The HIPC-I was announced as the panacea to all the economic woes Cameroon has been facing. However, the country continues to borrow to fund basic infrastructural projects. China has become one of its biggest lenders, an easy target for the imperialist country seeking to colonize Africa by means of a debt-trap. “Cameroon was the 9th top destination for Chinese loans over the 2000-2014 period with FCfa 1,540 billion”, circa $2.632 billion.
Therefore, debt-ridden, Cameroon does not have 1.5 billion FCFA ($2.56million) of its own to spend on drinks. A more responsible government, based on the challenges the nation faces, would have put those funds into a more useful investment instead of “mimbo” (drink).
Disregard for suffering masses trapped in conflict
Prior to 2014, the despicable Islamic sect called Boko Haram concentrated its efforts in the North East of Nigeria often only using Cameroon as a rear base. Then in May 2014 during a conference in Paris to design a common effort to fight the terrorist insurgency, “Cameroon’s President Paul Biya said: “We are here to declare war on Boko Haram”. Idriss Deby of Chad said it would be “total war”.”
Soon after this declaration, Boko Haram ramped up attacks in Cameroon’s northernmost regions. Since then the conflict has devastated vast swathes of Cameroonian territory and sent many locals fleeing for their lives with several villages disserted and the local economy in disarray.
Then in 2017, a conflict broke out in Cameroon’s contiguous English-speaking regions of the North West (NWR) and South West (SWR). The conflict has historical roots in the decolonization of the Southern Cameroons coterminous with these regions. Anglophone Cameroonians for years decried their marginalization and the erosion of their Anglo-Saxon identity. Renewed protests in 2016/2017 transformed into conflict as a result of atrocious State repression.
On the whole, this Anglophone conflict has made headlines recently and for the right reasons. It could be prevented but the regime has preferred cosmetic concessions to end the crisis and has continued to field a tough military approach despite 3000 lives lost, 500000 internally displaced, over 35000 refugees in Nigeria and 600000 children still out of school. Calls for more inclusive dialogue with the separatists have fallen on deaf ears. Spending 1.5billion Francs on drinks while families and children are suffering homelessness due to the conflict is thus insensitive but understood.
A conflation of the commonwealth and individual pockets
An infamous General Director of the Oil Refinery in the coastal town of Limbe in the SWR once said that the accounts related to the turnover from the sale of crude oil are no concern of the population. He said the figures were to be discussed only between himself and the president, Biya.
No one knows exactly how much rent Cameroon makes off the sale of crude oil and its other numerous mineral resources. The President’s exact salary is not known and there is no mechanism for oversight on the expenses of the country’s ruling elite. There is a total lack of accountability in Cameroon.
Under these circumstances, the leadership spends the country’s money as if to say the treasury was its private purse. Cameroon’s president is reputed for his long-stays in luxury hotels and resorts outside the country, notably in Switzerland, where he spends far more of the commonwealth’s money than he is currently spending on drinks on the back of the tax-payer, doing so without anyone lifting a finger.
How this charade is kept going?
Are Cameroonians shocked by the irresponsible behavior of their leadership, notably its spendthrift burrs and escapades? The answer is in the affirmative. Cameroonians in their numbers are appalled by the sheer lack of accountability of their ruling class. They are dismayed at how their livelihoods keep collapsing and how despite being told year-in-year-out to tighten their belts administrative officials can go on to loot the State so thoroughly.
It is known that the system is corrupt and the State is captured. Therefore, the impunity Cameroon’s leaders enjoy, meaning the inability of citizens to exercise their right to request the government to be accountable to the population, is due to the usage of the State security apparatus as a repressive machine.

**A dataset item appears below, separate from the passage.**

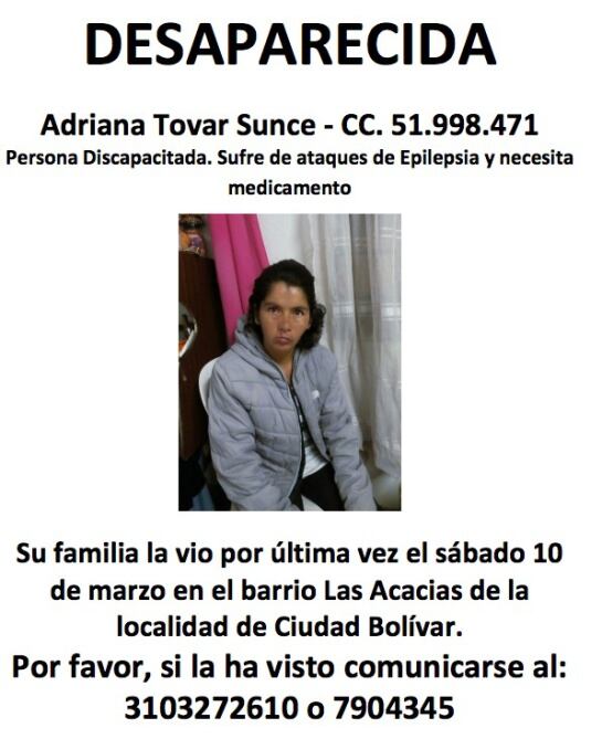 Su familia ha estado repartiendo volantes a lo largo de la ciudad en busca de su paradero, ya que Adriana Tovar sufre ataques de epilepsia y necesita tomar medicamentos.

The Cameroon government is a pseudo-civilian regime. Cameroon is in actual fact a military State where citizens are judged in military tribunals. The security sector enjoys a central place in the State apparatus and its excesses are not questioned. All attempts to protest any perceived or real mismanagement by State officials is quickly quashed with the help of the army and State security forces.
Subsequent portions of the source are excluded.